Source data:
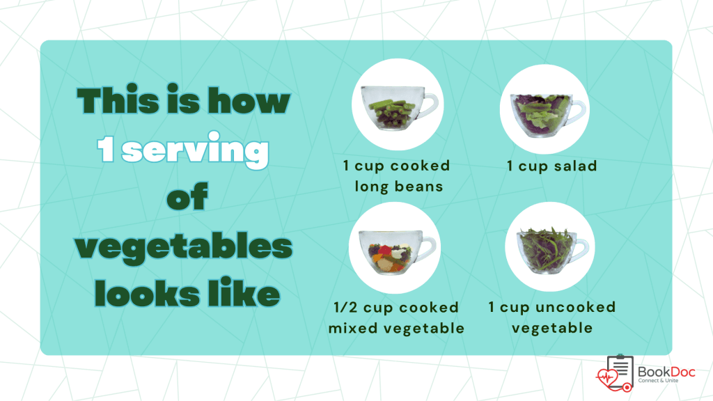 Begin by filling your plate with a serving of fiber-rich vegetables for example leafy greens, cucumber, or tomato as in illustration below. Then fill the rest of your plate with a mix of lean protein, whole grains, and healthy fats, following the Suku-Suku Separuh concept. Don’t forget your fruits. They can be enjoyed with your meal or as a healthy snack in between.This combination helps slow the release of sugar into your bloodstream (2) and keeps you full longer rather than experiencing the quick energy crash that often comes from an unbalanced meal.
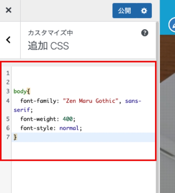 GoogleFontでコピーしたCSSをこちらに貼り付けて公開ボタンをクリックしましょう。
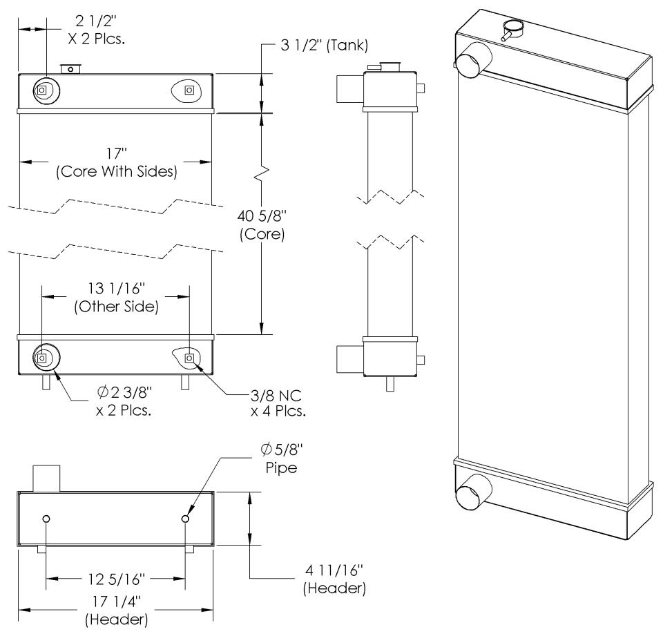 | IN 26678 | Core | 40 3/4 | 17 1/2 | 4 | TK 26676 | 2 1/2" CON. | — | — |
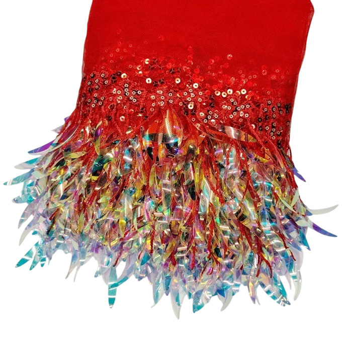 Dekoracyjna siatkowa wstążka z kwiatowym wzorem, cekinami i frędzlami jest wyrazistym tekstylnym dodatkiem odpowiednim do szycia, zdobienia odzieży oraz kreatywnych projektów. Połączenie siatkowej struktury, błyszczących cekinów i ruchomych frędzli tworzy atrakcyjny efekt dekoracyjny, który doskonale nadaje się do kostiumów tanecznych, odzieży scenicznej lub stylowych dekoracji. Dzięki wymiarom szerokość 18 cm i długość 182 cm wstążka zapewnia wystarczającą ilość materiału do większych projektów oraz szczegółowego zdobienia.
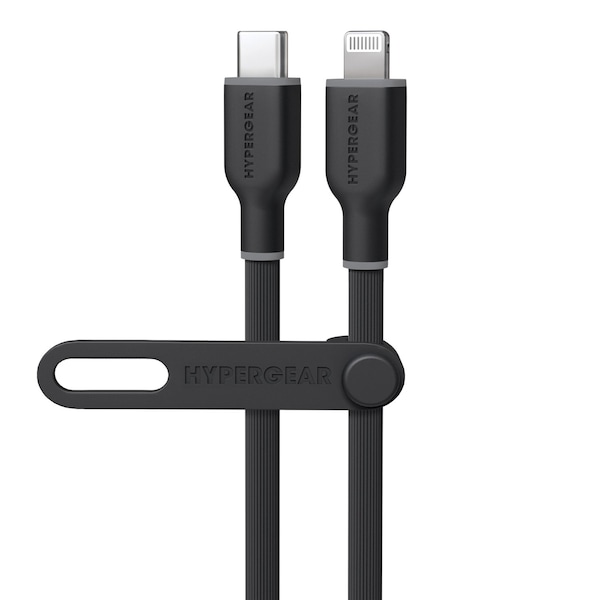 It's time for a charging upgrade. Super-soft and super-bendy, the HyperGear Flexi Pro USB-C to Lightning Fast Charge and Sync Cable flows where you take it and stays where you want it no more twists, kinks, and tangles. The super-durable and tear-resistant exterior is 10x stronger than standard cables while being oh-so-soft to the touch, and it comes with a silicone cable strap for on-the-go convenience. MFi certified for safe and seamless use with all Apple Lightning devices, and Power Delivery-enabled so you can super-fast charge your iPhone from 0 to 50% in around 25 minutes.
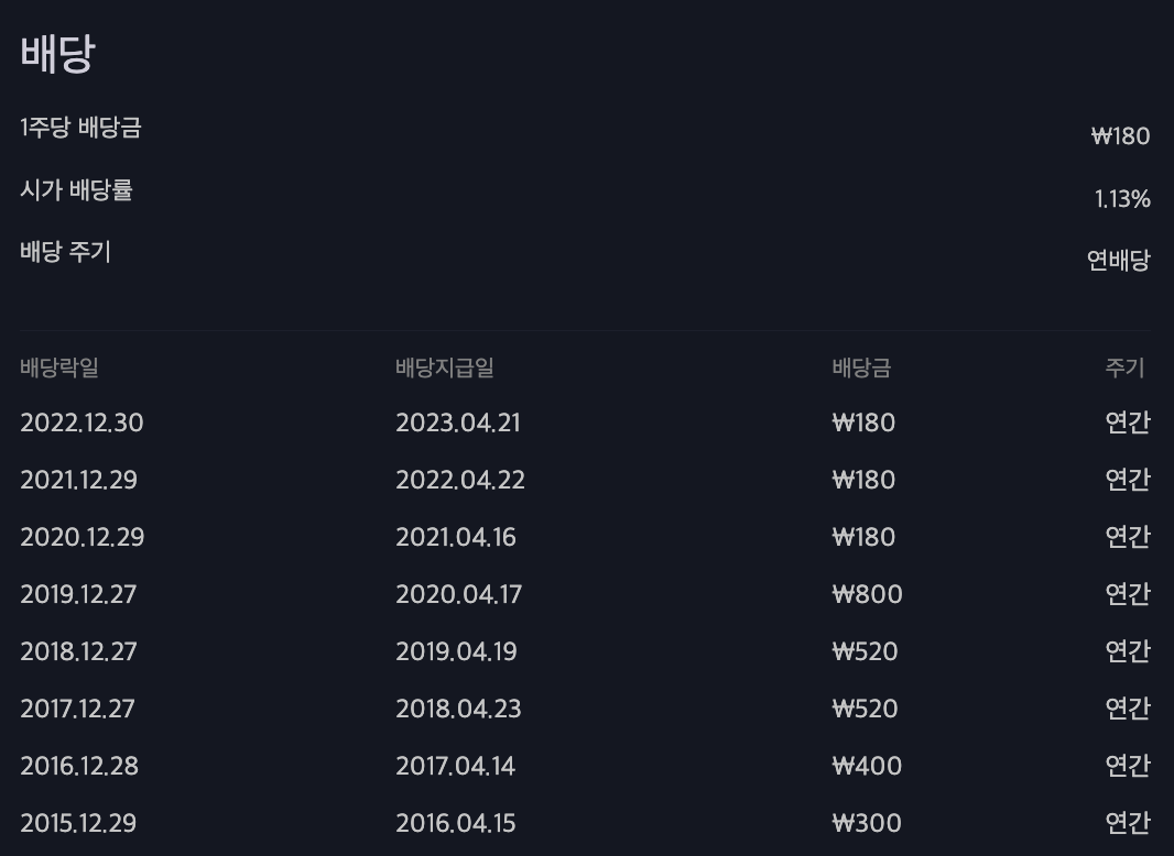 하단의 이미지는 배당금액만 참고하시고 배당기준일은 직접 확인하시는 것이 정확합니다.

*TASK INSTRUCTIONS*:
Please transcribe exactly the lines from the one containing "It's time for" through the last line of the records above, both included, and leave out every picture.

*SOLUTION*:
 It's time for a charging upgrade. Super-soft and super-bendy, the HyperGear Flexi Pro USB-C to Lightning Fast Charge and Sync Cable flows where you take it and stays where you want it no more twists, kinks, and tangles. The super-durable and tear-resistant exterior is 10x stronger than standard cables while being oh-so-soft to the touch, and it comes with a silicone cable strap for on-the-go convenience. MFi certified for safe and seamless use with all Apple Lightning devices, and Power Delivery-enabled so you can super-fast charge your iPhone from 0 to 50% in around 25 minutes.
 하단의 이미지는 배당금액만 참고하시고 배당기준일은 직접 확인하시는 것이 정확합니다.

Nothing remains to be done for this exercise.